How 'Tactical watch-outs' can help police in woodland manhunts

I borrowed the ‘Watch Out’ concept from the wildland fire-fighting community and have adapted it to woodland manhunts and find them to be an excellent tool

Imagine the following scenario: You receive radio traffic that there is a manhunt for a murder suspect in progress. You respond, and upon arriving at the CP, you are assigned to a hasty perimeter team comprised of some officers with whom you have never worked. 

En route to your assigned area, you hear “Shots fired, officer down.” Your three-man team is close by, so you enter the woods and move up a drainage culvert to reinforce the contact team. The exact location of the fugitive and the friendlies are unknown — your quarry could be anywhere in the immediate area.  

Your heart is beating in your ears, both from the adrenaline and the climb. Your team is trying to move tactically but still cover the needed ground. Suddenly up ahead in the thicket you see a shadow move. You come to high-ready and challenge — but it's one of your own. 

Tactical Watch Outs
This situation is not a training scenario. I’ve changed a few details, but that is an actual incident which occurred during one of the many woodland manhunts I’ve studied. 

My interest in studying woodland manhunts dates back to 1998, when my friend — U.S Park Ranger Joe Kolodski, affectionately known as Joe K — was murdered and a woodland manhunt ensued. I think a lot about the search tactics and strategies we used that day. We did some great work, but like every other dynamic situation, we could have done some things better. 

I reflect and dissect the hunt as a means of constant reevaluation of the training curriculums in which I am involved — and also to remember him. 

I believe that woodland manhunts are one of the most — if not the most — high-risk types of operations that an officer will face, which is why I want to share my observations of the tactical watch-out.

I borrowed the ‘watch-out’ concept from the wildland fire-fighting community and have adapted it to woodland manhunts. Wildland fire agencies use them as a means of educating wildland firefighters to hazards that might not be easily recognized when functioning in a hostile environment. I have used them countless times in both wildland firefighting and in woodland manhunts and find them to be an excellent tool.

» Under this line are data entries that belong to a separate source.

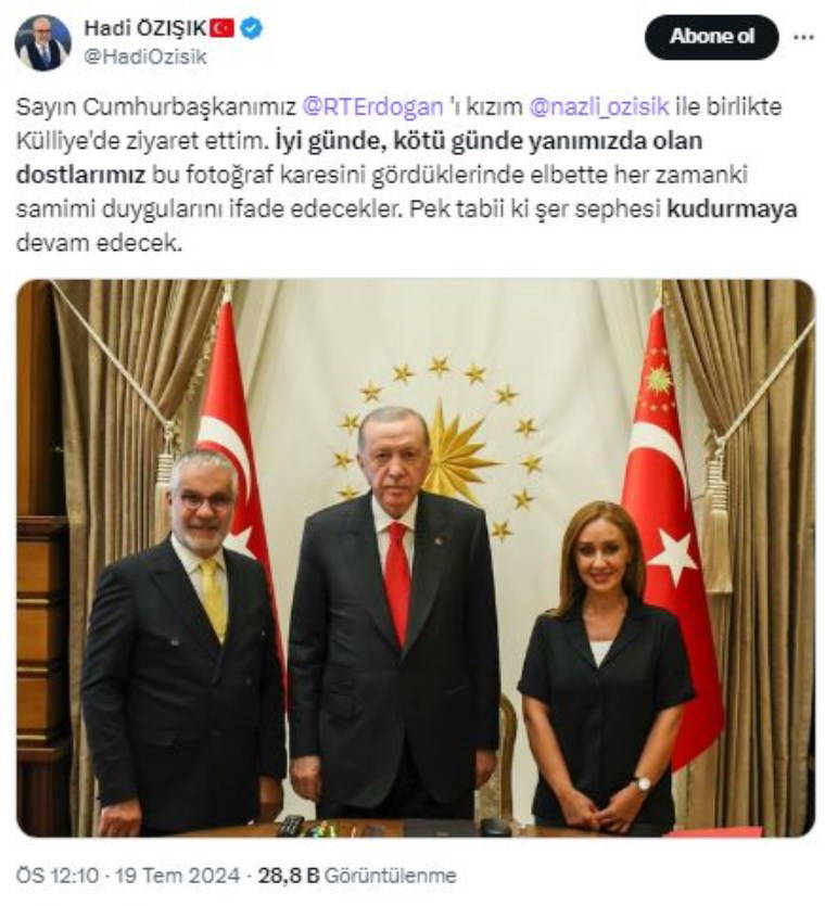 Görüşmenin duyurusu, Özışık'tan geldi. Erdoğan'ı kızı Nazlı Özışık'la birlikte Cumhurbaşkanlığı Sarayı'nda ziyaret eden Hadi Özışık, görüşmenin fotoğrafını X hesabından paylaşıp şöyle yazdı:
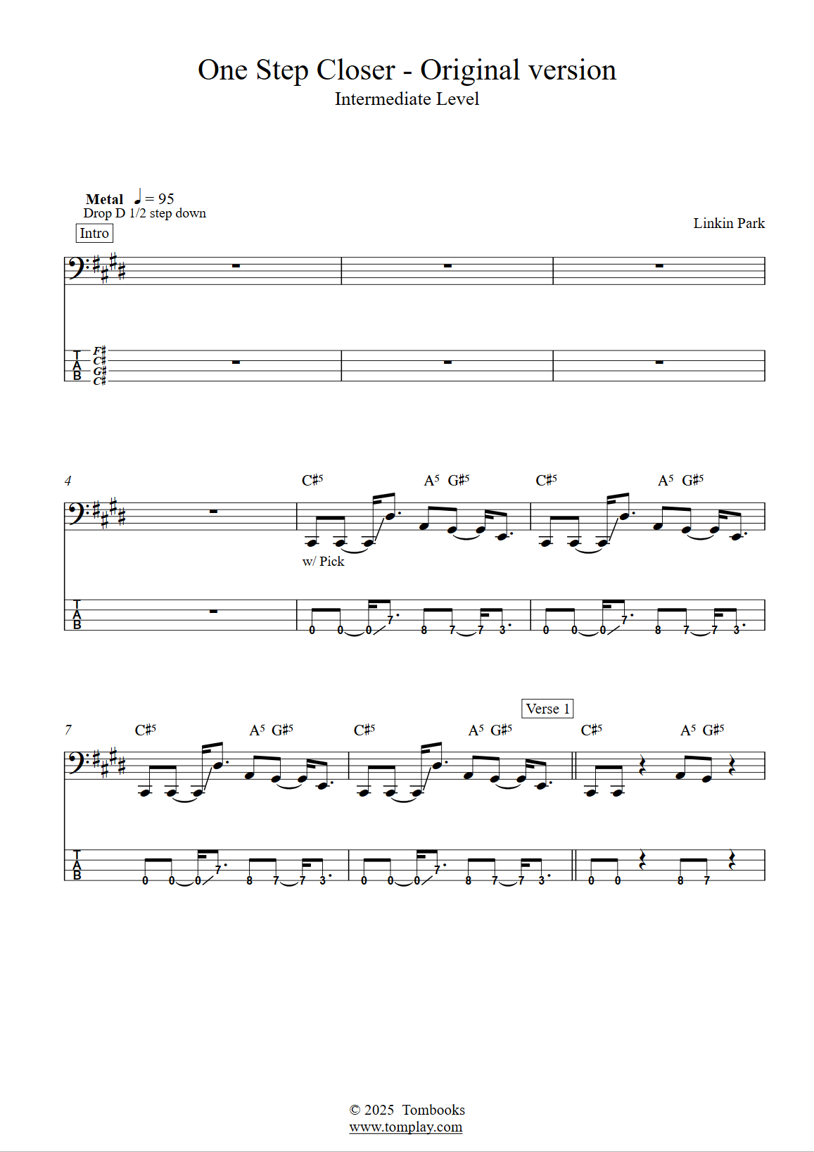 Téléchargez la tablature et la partition Basse One Step Closer - Version originale (niveau…
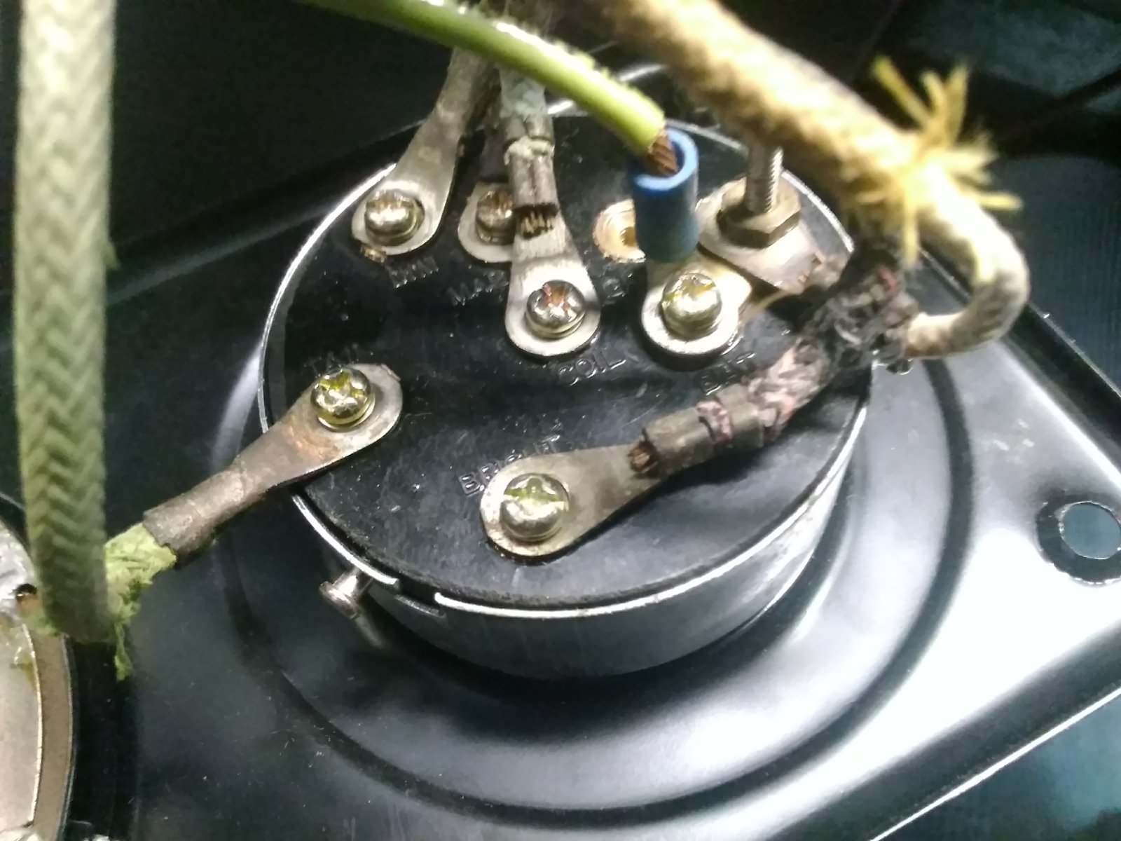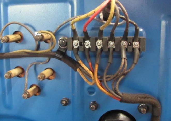 The 6 wires (Left to Right) are Yellow/Black- Generator/to Bat switch terminal, Red to Mag switch terminal, Yellow to the Ammeter terminal {a short jumper wire from other Ammeter terminal to Bat switch terminal} , Tail to Tail switch terminal , Dim headlamps to Dim switch terminal, Bright headlamps to Bright switch terminal.
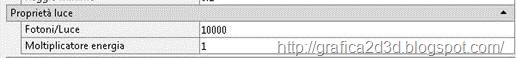 Con proprietà luce si impostano le caratteristiche delle luci fotometriche eventualmente usate nella scena
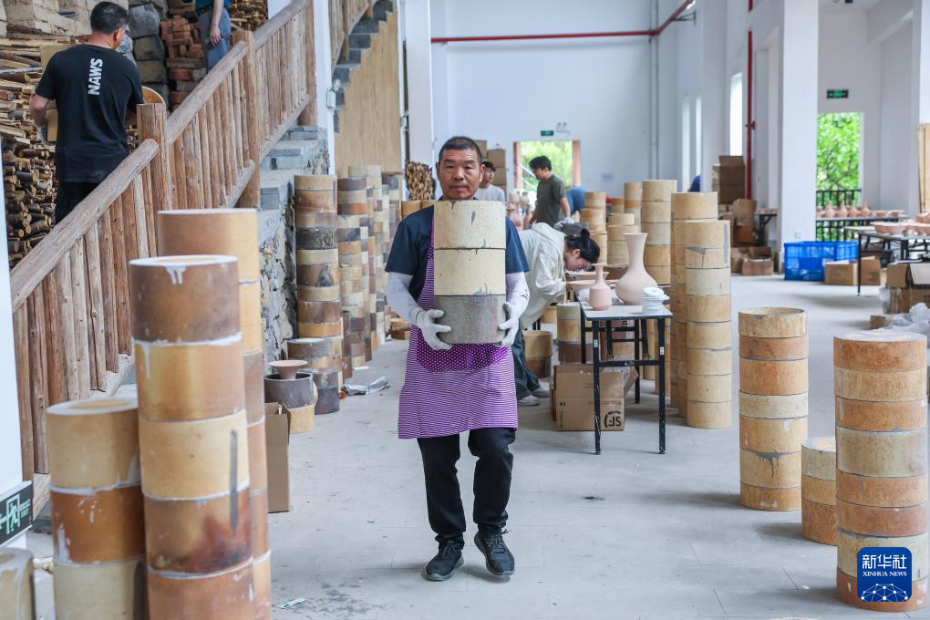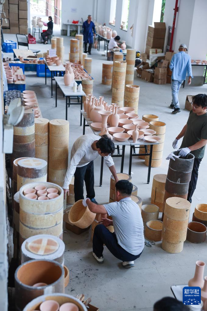 5月29日,工作人员整理即将放入龙窑烧制的不同器型的瓷坯。
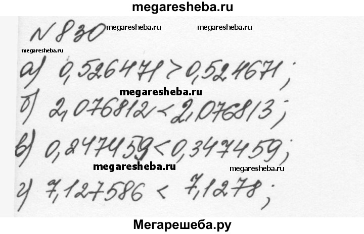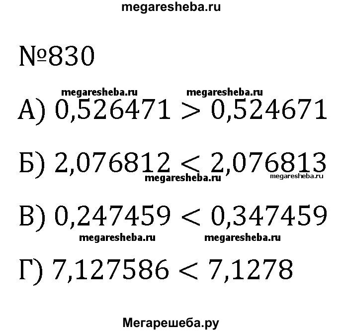 830. Сравните числа: а) 0,526471 и 0,524671; б) 2,076812 и 2,076813; в) 0,247459 и 0,347459; г) 7,127586 и 7,1278.
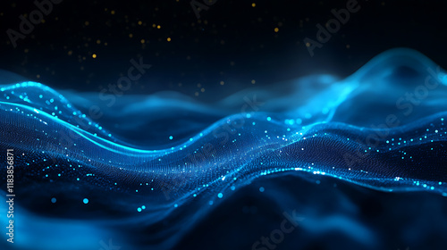 Creative blue wave line light wallpaper, 3d rendering
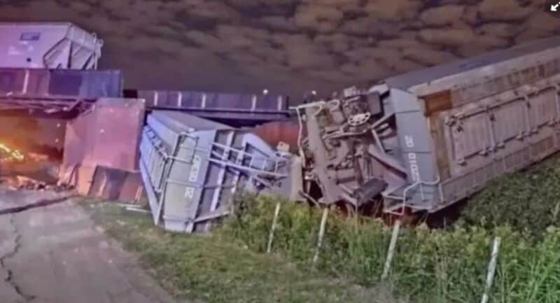 La formación, precisó este domingo Trenes Argentinos Cargas (TAC) en un comunicado, pertenece a la línea San Martín. El evento involucró un total de cinco vagones cargados con soja, de los cuales dos quedaron tumbados al costado de la ruta nacional 33 y tres unidades sobre el puente (dos semitumbados y uno descarrilado).

We will use them as a means of identifying both tactical and strategic situations that are common in woodland manhunts.

Applications of the watch -out concept vary due to the unique factors present in each operation, such as topography, weather, fugitives, team composition, command and other factors. These tactical watch-outs are designed to increase the reaction time that the team leader on the ground has to adjust formations, routes, and counter-ambush tactics. It’s merely a guide to heighten a team’s situational awareness.

Tactical Watch Out #1: Working with a Hasty Team
Hasty teams are the nature of the beast. Being proactive is second nature to police officers and in a manhunt situation, this commonly translates into going right into the woods after the suspect. Of course the decision will be based on imminent public endangerment, loss of tactical advantage, severity of the crime and many other factors. 

In the incident described above, it was a double homicide in an area with residences, businesses, and public lands that initiated the tracking operation. 

One of the training points that we strive to make when training patrol officers is to be able to — in two minutes and before entering the woods — come up with a hasty op plan. This plan should include — at  minimum — positions and responsibilities of each member, comms (including a couple of hand signals), threat assessment, and map recon.

Both the tracking team and support team in the incident described were comprised of officers from multiple agencies who worked in the same rural area. From interviews, it was determined that while several of the officers had woodland operations training in the past, none had trained together. The two minute plan is one solution for the reality of hasty teams.

Tactical Watch Out #2: Dealing with Inadequate Communications
In woodland operations, radio communications will likely be poor. 

Topography and vegetation play a crucial role in the effectiveness of communications, especially in the eastern mountains. In this particular incident, the radio comms that would have linked command and the teams were non-functioning (reason undetermined), and there was no cell coverage. Again, this reinforces the need for the hasty op plan.

There are specialized remedies for poor communications on the market, but so far they are cost prohibitive for most agencies. Therefore, texting may help, or better yet, get a hand-held radio to a high point. Anticipating obstacles and setting corrective action early in the game should be standard protocol for command. 

Tactical Watch Out #3: Working with Other Teams in the Area
The risk of blue-on-blue shootings is one of the reasons why we train “finger off the trigger.” Credit is due to the officer in the above incident for not shooting his fellow officer. I had the opportunity to walk the route at the same time of the year and visit the site where the original officer died. The forest is mixed hardwood with pockets of young white pine. It’s thick in spots, even in winter. 

Consider the situation: communications down, thick brush, officers in camo, unknown location of suspect and teams, and adrenaline pumping. Preventing another fatality is a huge salute to this officer’s performance.

We teach tracking and woodland movement as a craft. It’s not high-speed. Success is predicated on maintaining stealth, like these officers did. We use the term tactical woodsman to identify how we should function in the woods. It’s purposeful — it’s thoughtful and it’s aware.

In honor of those who have fallen, let’s look at lessons learned: encourage a hasty op plan, anticipate obstacles, and move slowly!